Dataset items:
★ ★ ★ ★ ★
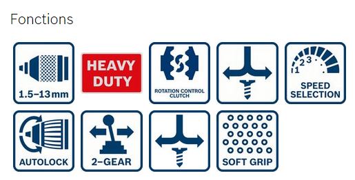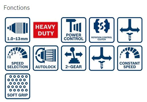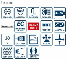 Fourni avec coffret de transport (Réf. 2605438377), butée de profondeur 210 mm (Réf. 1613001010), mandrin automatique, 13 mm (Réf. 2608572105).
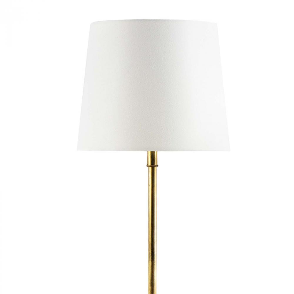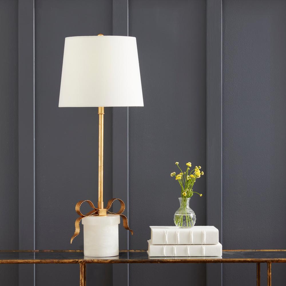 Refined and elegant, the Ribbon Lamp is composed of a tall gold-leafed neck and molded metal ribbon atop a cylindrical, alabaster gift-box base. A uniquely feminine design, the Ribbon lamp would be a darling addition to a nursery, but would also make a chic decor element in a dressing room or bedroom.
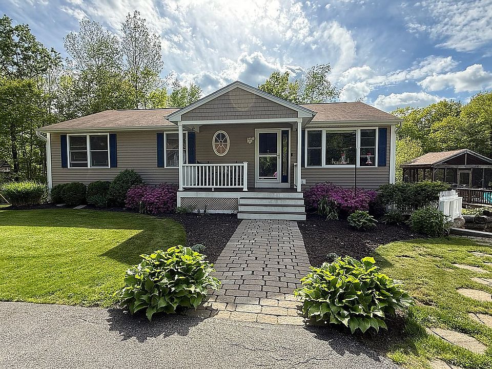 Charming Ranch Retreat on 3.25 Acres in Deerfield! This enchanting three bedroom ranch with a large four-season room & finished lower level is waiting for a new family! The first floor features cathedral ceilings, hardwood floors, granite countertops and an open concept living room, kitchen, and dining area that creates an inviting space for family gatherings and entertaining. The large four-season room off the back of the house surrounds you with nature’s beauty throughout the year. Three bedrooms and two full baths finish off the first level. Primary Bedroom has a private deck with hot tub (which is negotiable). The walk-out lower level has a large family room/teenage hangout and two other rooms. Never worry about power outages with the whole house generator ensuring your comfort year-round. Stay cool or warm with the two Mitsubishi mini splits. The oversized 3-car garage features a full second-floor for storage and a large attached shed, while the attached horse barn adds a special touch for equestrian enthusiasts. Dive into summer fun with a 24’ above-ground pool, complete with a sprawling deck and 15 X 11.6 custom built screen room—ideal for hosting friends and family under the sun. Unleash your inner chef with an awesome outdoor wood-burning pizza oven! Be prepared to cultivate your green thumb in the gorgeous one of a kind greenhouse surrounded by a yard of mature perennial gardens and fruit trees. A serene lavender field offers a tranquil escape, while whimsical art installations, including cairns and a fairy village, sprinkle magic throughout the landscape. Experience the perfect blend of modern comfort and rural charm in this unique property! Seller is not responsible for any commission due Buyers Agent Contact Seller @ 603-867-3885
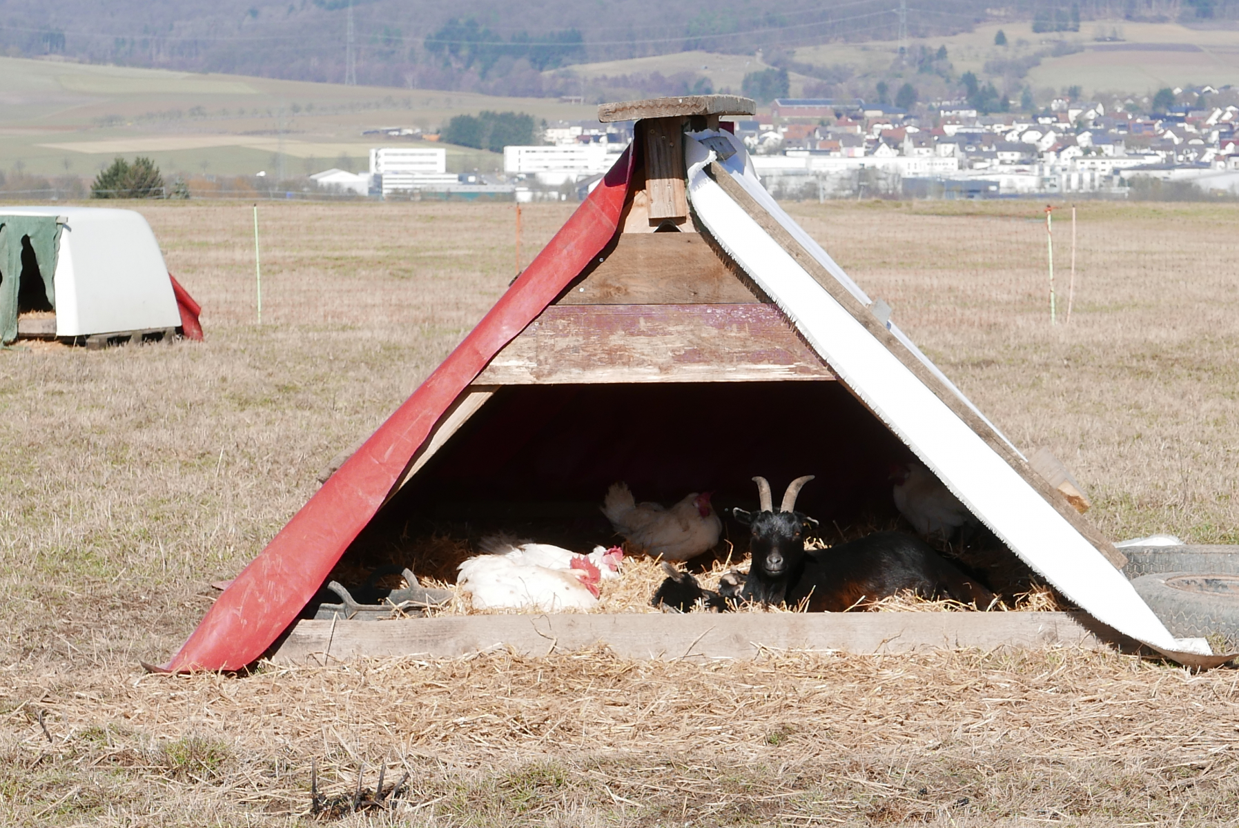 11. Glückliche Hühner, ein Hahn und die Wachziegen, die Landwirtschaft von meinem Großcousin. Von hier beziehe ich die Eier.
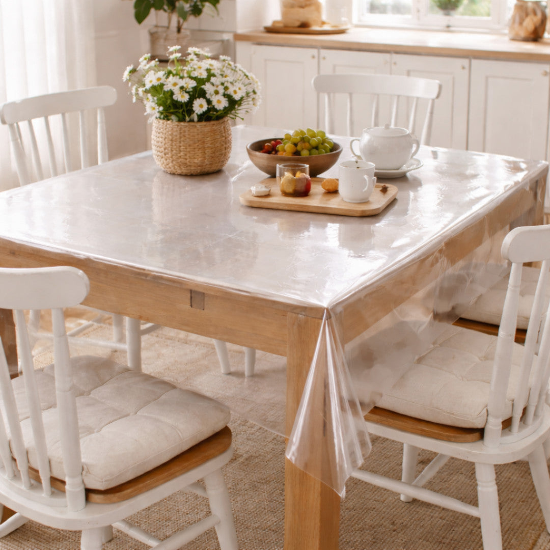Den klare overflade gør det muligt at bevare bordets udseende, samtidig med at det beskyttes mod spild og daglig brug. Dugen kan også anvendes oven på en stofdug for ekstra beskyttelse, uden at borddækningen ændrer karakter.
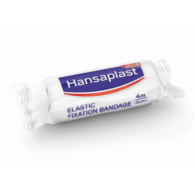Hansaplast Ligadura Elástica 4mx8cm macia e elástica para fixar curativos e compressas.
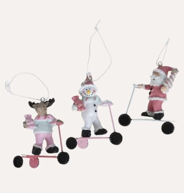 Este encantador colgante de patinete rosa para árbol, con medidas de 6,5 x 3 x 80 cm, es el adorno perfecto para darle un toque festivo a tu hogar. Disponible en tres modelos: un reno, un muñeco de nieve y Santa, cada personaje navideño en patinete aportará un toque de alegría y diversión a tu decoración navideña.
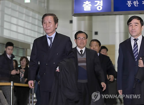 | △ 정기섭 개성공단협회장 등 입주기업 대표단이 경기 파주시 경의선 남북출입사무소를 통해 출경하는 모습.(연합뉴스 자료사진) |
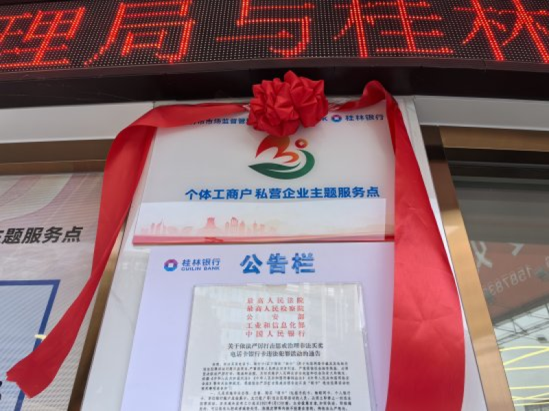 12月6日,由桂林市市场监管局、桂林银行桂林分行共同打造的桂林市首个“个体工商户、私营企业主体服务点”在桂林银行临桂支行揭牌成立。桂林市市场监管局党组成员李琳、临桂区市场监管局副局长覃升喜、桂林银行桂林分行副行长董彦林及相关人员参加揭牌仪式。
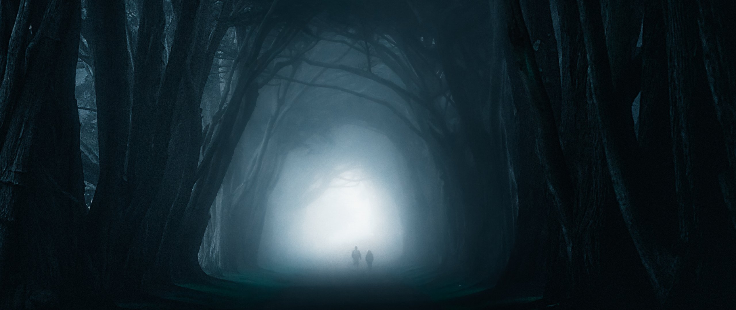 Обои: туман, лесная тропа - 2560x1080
★ ★ ★ ★ ★
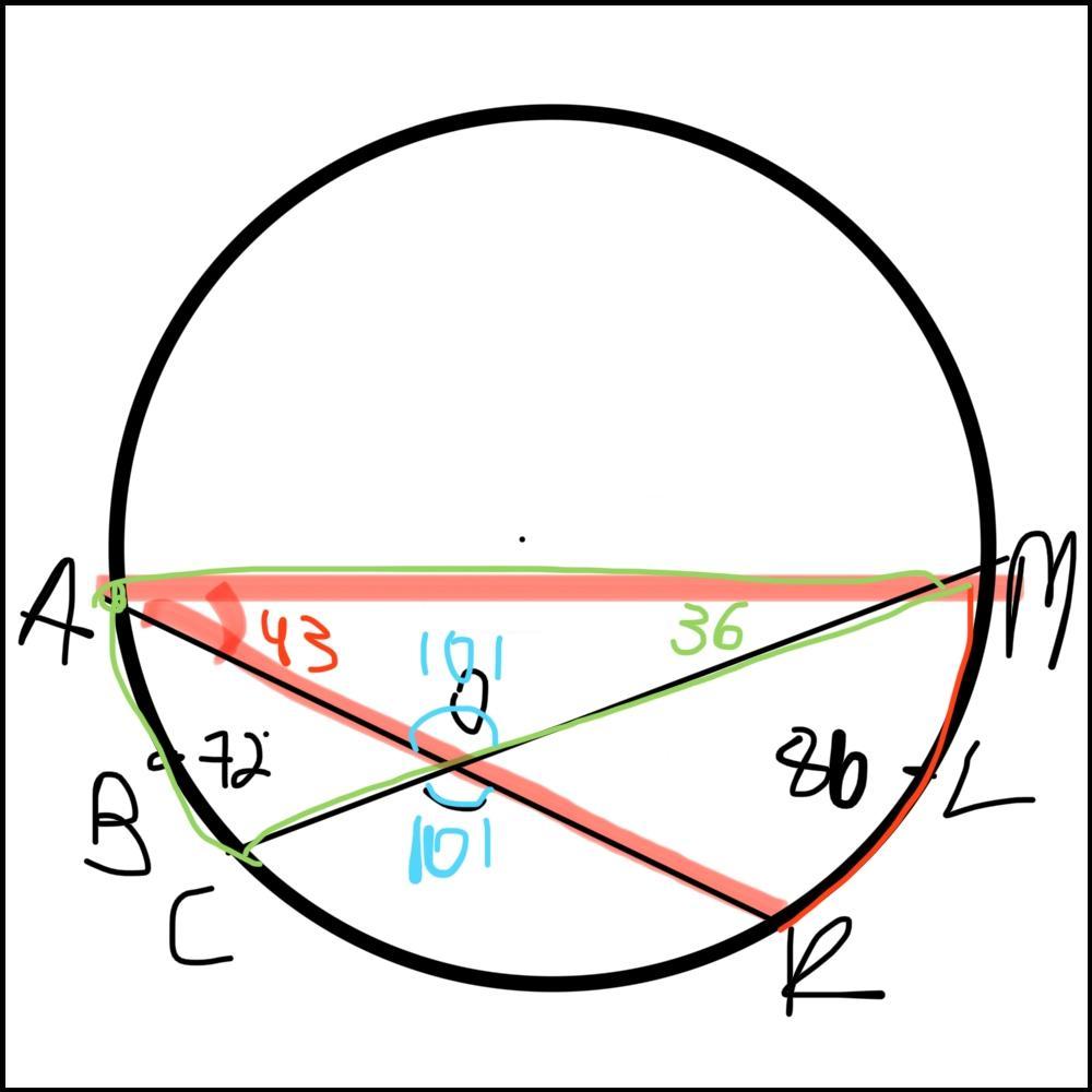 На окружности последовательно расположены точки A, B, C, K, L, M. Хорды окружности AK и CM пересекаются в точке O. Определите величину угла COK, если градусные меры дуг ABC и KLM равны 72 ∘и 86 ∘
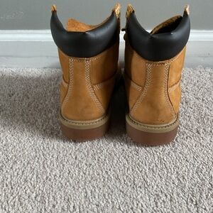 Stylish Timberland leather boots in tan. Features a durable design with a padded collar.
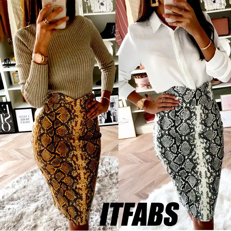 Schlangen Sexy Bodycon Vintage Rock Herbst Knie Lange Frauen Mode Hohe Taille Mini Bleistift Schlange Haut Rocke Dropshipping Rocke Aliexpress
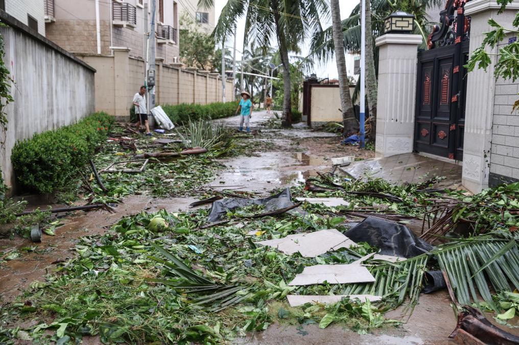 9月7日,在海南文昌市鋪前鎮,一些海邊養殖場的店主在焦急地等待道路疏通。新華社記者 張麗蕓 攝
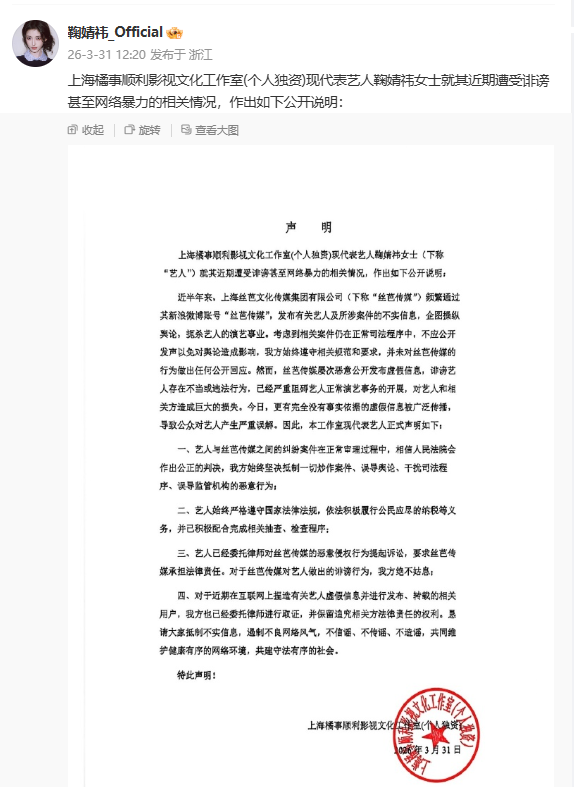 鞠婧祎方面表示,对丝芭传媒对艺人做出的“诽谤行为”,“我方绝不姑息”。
★ ★ ★ ★ ★
◆ **EXERCISE**:
Exactly the lines starting at the one above with "12月6日,由桂林市市场监管" and ending at the one with "Обои: туман, лесная тропа - 2560x1080" should be printed, and nothing else. Omit the pictures.

◆ **PROBLEM SOLUTION**:
 12月6日,由桂林市市场监管局、桂林银行桂林分行共同打造的桂林市首个“个体工商户、私营企业主体服务点”在桂林银行临桂支行揭牌成立。桂林市市场监管局党组成员李琳、临桂区市场监管局副局长覃升喜、桂林银行桂林分行副行长董彦林及相关人员参加揭牌仪式。
 Обои: туман, лесная тропа - 2560x1080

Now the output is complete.